J. N. Chege, D. O. Otieno, S. Sinari, D. Kiptoon and K. Mwaura

ABSTRACT

Overview
Complex abdominal wall defects resulting from trauma or severe intra abdominal sepsis complicated by abdominal compartment syndrome present a significant challenge to reconstructive surgeons. Delayed abdominal wall reconstruction remains a well established strategy in the management of such patients.

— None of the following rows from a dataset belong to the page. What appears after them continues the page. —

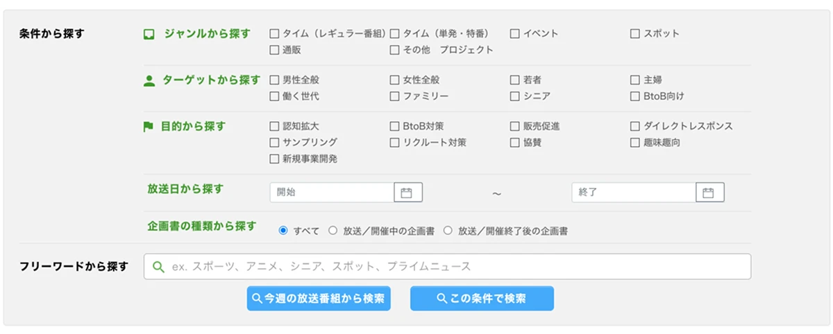 ジャンルやターゲット、目的、放送期間など、掲載された営業資料を絞り込むことができます。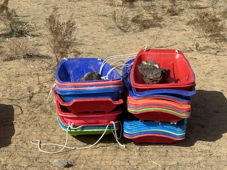 게르 입구에 모래썰매도 여러 개 놓여 있었어요.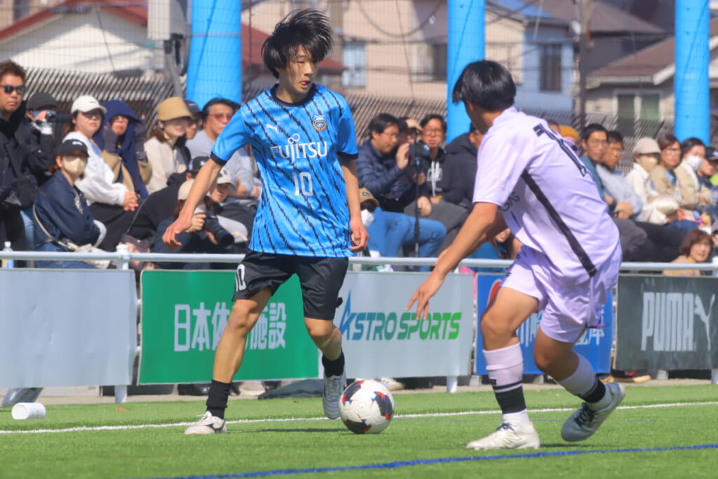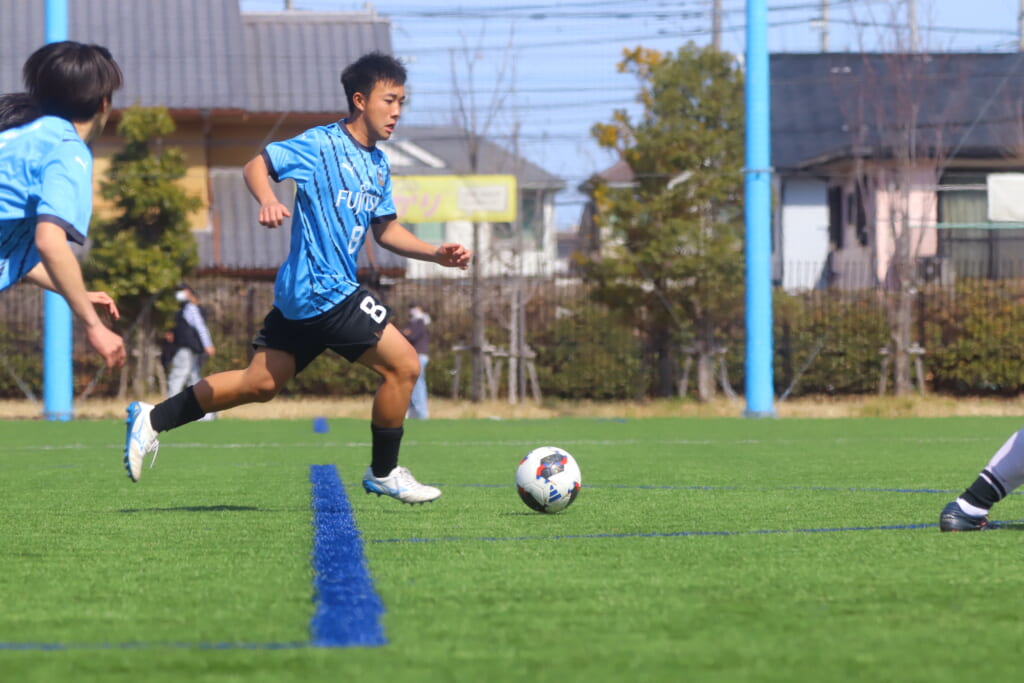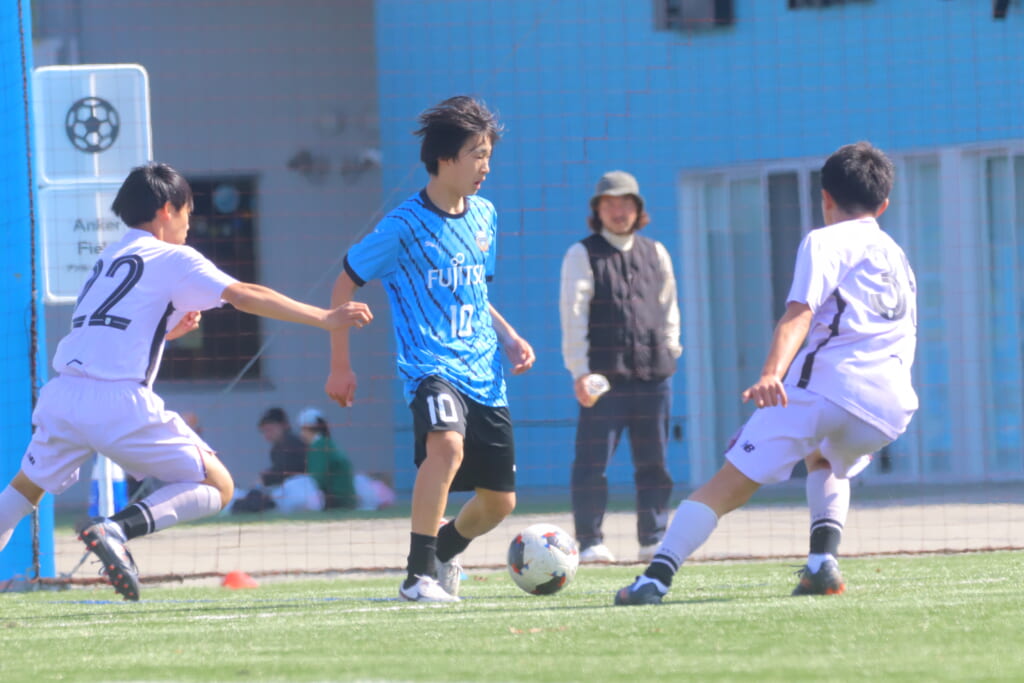 髙橋、徳政が右サイドでかかわり、徳政のパスに中島温が高い位置へ。相手の対応に遭っても粘り強く前からプレスをかけていくフロンターレ生田。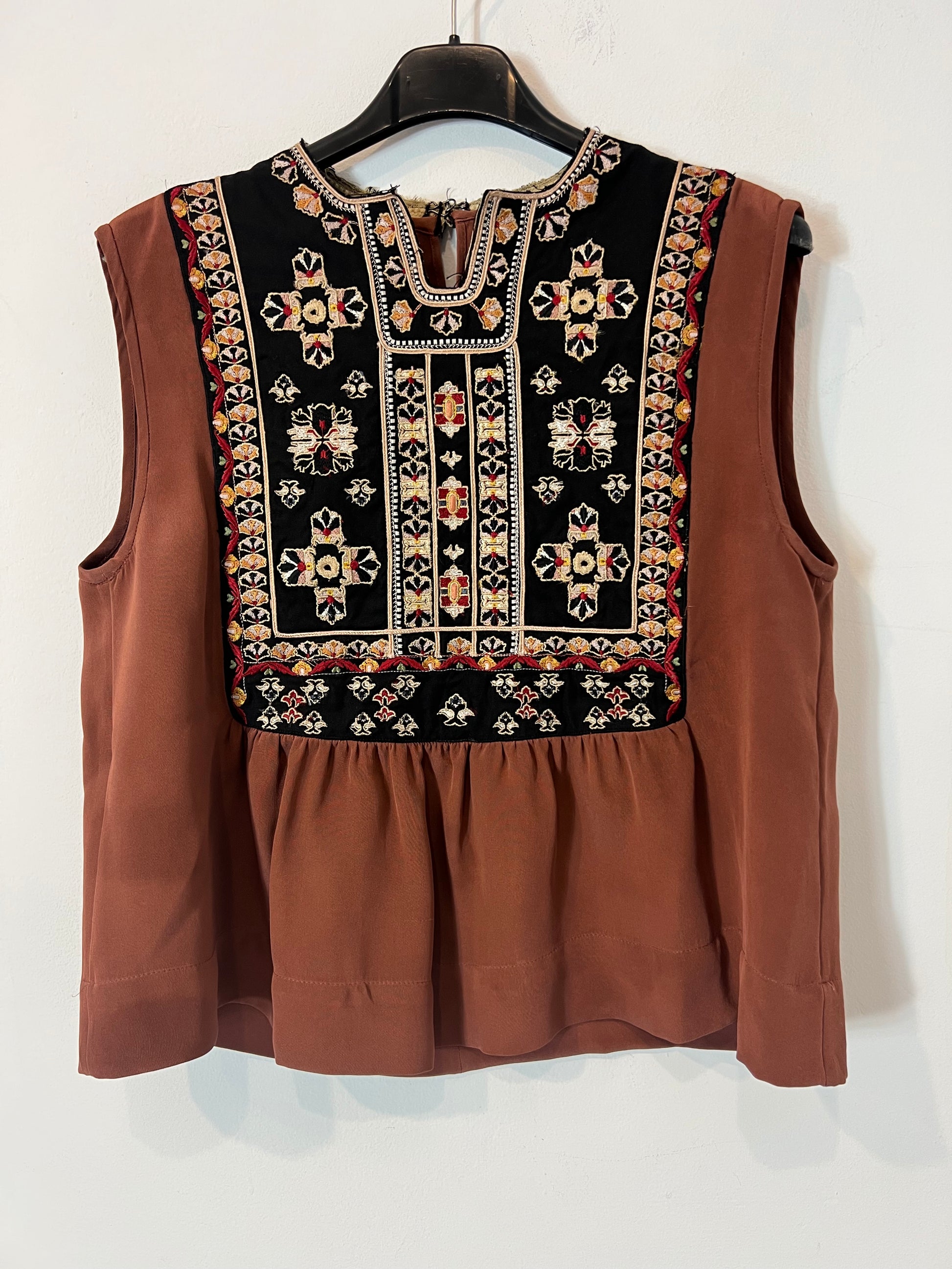 top marrón de seda con detalles bordados. de sisa a sisa 48 cm largo 54 cm. modelo Russ top

This case series describes the use of the TopClosure® Tension Relief System as a viable alternative for functional restoration of the abdominal wall.

Case Series Description
We report a case series on delayed abdominal wall reconstruction using the TopClosure® Tension Relief System. The series included three consecutive patients aged 18 years and above who were admitted to our surgical unit with intra abdominal sepsis between 2019 and 2021 at a private tertiary care centre.

Emergent laparotomies and peritoneal washouts were performed as part of sepsis control. This was followed by management in the critical care unit for physiological stabilization and optimization.

The TopClosure® system was then applied in combination with negative pressure wound therapy (NPWT) with instillation using normal saline and oxygen. This approach reduced bowel and anterior abdominal wall oedema while facilitating continuous irrigation to remove effluent and infectious material and prevent loss of abdominal wall domain.

Outcomes
Definitive closure was achieved in all patients within 5 to 10 days of applying the TopClosure® system, with a mean hospital stay of 32 days.

The only complication observed was a superficial surgical site infection in one patient, which was managed conservatively. All patients were followed up for six months after discharge.

Conclusion
Our experience suggests that the combined use of the TopClosure® system and NPWT with instillation is a feasible option for delayed abdominal wall reconstruction in resource limited health systems with favorable short term outcomes.

This approach reduces the need for grafts or microsurgical techniques and facilitates early functional recovery.